During the study, we noted a higher OR of CKDu in overweight and obese workers compared to a normal BMI. Herrington and colleagues noted that obesity or overweight status was linked to an increased chance of developing chronic kidney disease.[30] The current study reported an increased OR for CKDu prevalence in WC. He et al also observed similar findings with respect (WC) risk with CKD in Chinese adults.[31] In the present study, we noted a higher odd ratio of CKDu in workers with hypertension as compared to normal. Hypertension is a significant risk factor for renal disease prognosis, and the high prevalence of hypertension is evidenced by the high prevalence of CKDu.[32] Rainer noted that diabetes, hypertension, and smoking are risk factors in the progression of CKD.[33] In this study, we compared the prevalence of CKDu with diabetes and found low eGFR values and a high prevalence of CKDu. Yacoub et al. noted that cigarette smoking causes a higher risk for CKD.[34] We also noted the higher OR of CKDu among workers who have the habit of smoking. Lee et al. found that subjects with higher alcohol intake had low levels of eGFR as compared to non-drinkers.[35] This study also noted similar findings, such as a low eGFR and a high CKDu.

LIMITATION

The present study was conducted on a small sample size. In future studies, we recommend a large number of samples with the incorporation of risk factors for CKDu.

CONCLUSION

The present study noted a lower eGFR and a higher odd ratio of CKDu in industrial workers with risk factors such as age, overweight, obesity, WC risk, hypertension, diabetes, smoking, and alcohol consumption. To avoid the progression from moderate to Severe loss and kidney failure, we suggested weight reduction, avoiding smoking and alcohol consumption, and controlling diabetes and hypertension.

Acknowledgements

The authors are thankful to the Director, ICMR-National Institute of Occupational Health, for his support and encouragement to conduct this study. The authors are also thankful to Mrs. Thara, Senior Technical Officer, and Mr. Rajeev Yadav, Technician C, for their assistance in the collection of data and samples.

Ethical approval

The research/study was approved by the Institutional Review Board at Regional Occupational Health Centre (Southern), number 2, dated 13-12-2018.

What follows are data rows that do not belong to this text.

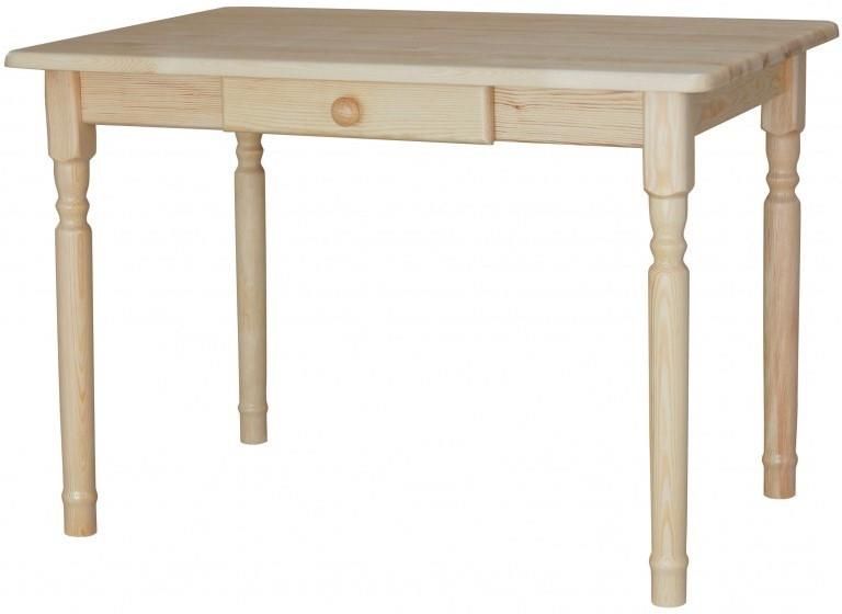 Stół sosnowy z szufladą i Toczonymi Nogami 80/160 SOSNA Stół zrobiony z litego drewna sosnowego, podwójnie lakierowany. Do lakierowania naszych wyrobów używamy lakierów posiadających atest Państwowego Zakładu Higieny. Możemy przygotować produkt surowy, gotowy do samodzielnego polakierowania. …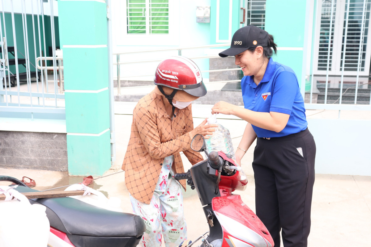 Đoàn viên, thanh niên trao tặng nước cho người dân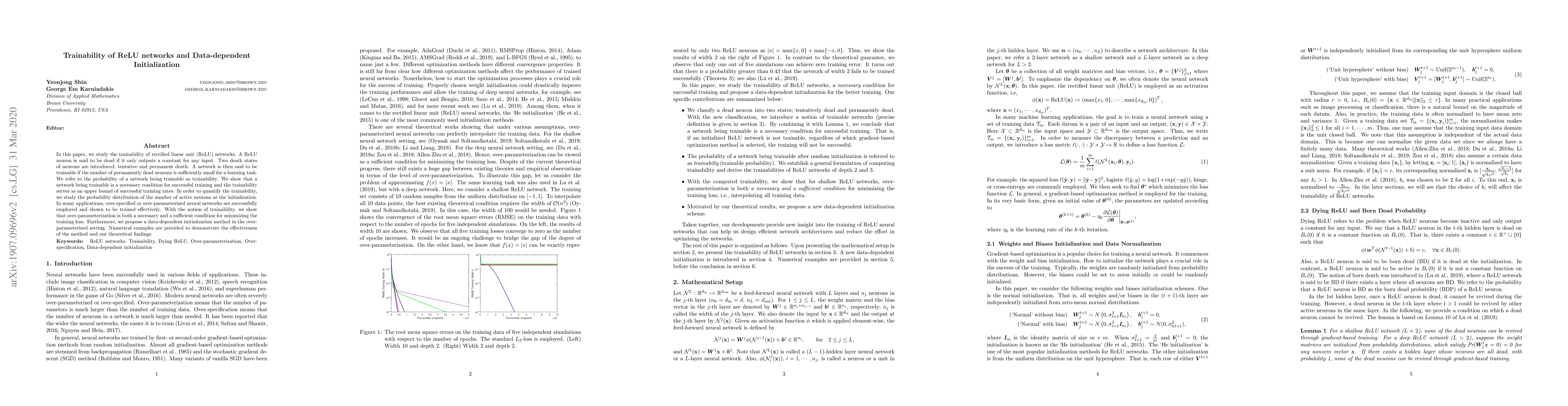 This paper investigates the trainability of ReLU networks, introducing concepts of tentative and permanent neuron death, and demonstrating that trainability is crucial for successful training. It proposes a data-dependent initialization method to enhance the effectiveness of over-parameterized networks, supported by numerical examples.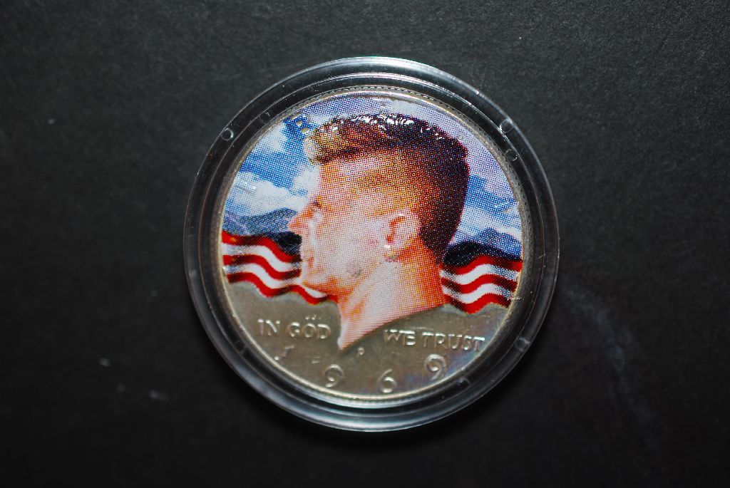 1969-D US Kennedy Half Dollar With Colorized Obv. In Display Case; EST. $15-20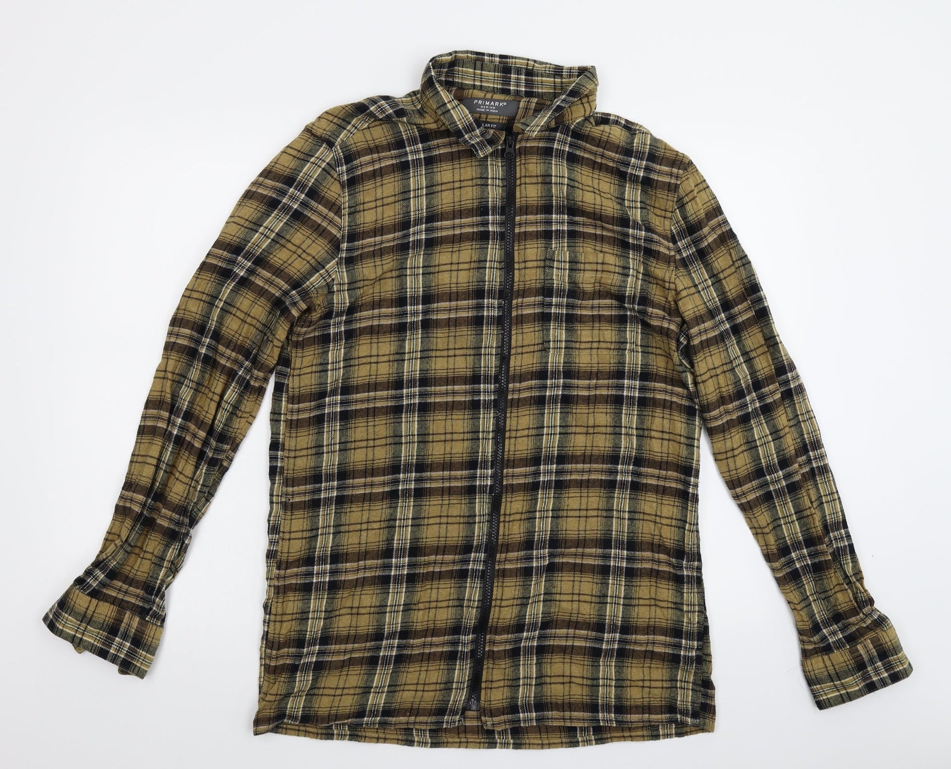 Primark Mens Beige Check Button-Up Size M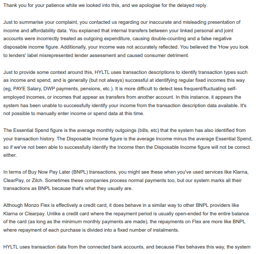 ClearScore acknowledged the dispute and responded within its standard process framework. However, the substance of the response did not resolve the underlying inaccuracies.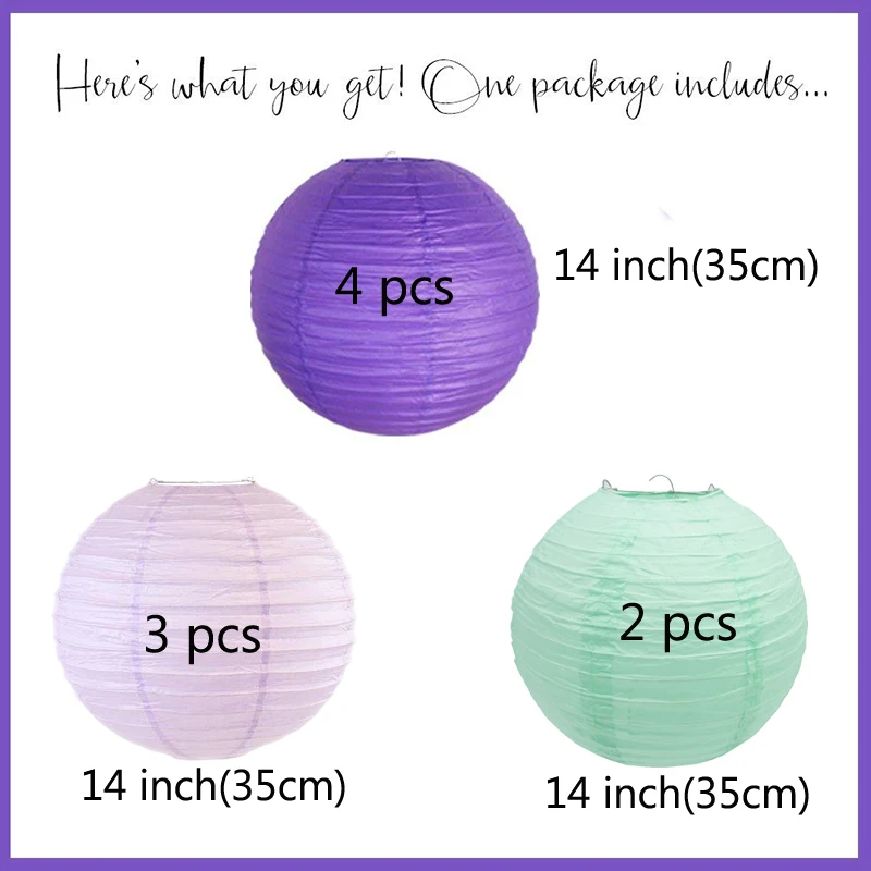 9 шт.компл. 14 дюймов, большой китайский бумажный фонарь, 3 цвета, круглый фонарик, Свадебный, фиолетовый, мятно-зеленый, для свадьбы, подвесной шар, домашний уличный Декор

Declaration of patient consent

The authors certify that they have obtained all appropriate participants consent.

Financial support and sponsorship

ICMR –National Institute of Occupational Health Meghani Nagar, Ahmadabad-380016, Gujarat, India.

Conflicts of interest

There are no conflicts of interest.

Use of artificial intelligence (AI)-assisted technology for manuscript preparation

The authors confirm that there was no use of artificial intelligence (AI)-assisted technology for assisting in the writing or editing of the manuscript, and no images were manipulated using AI.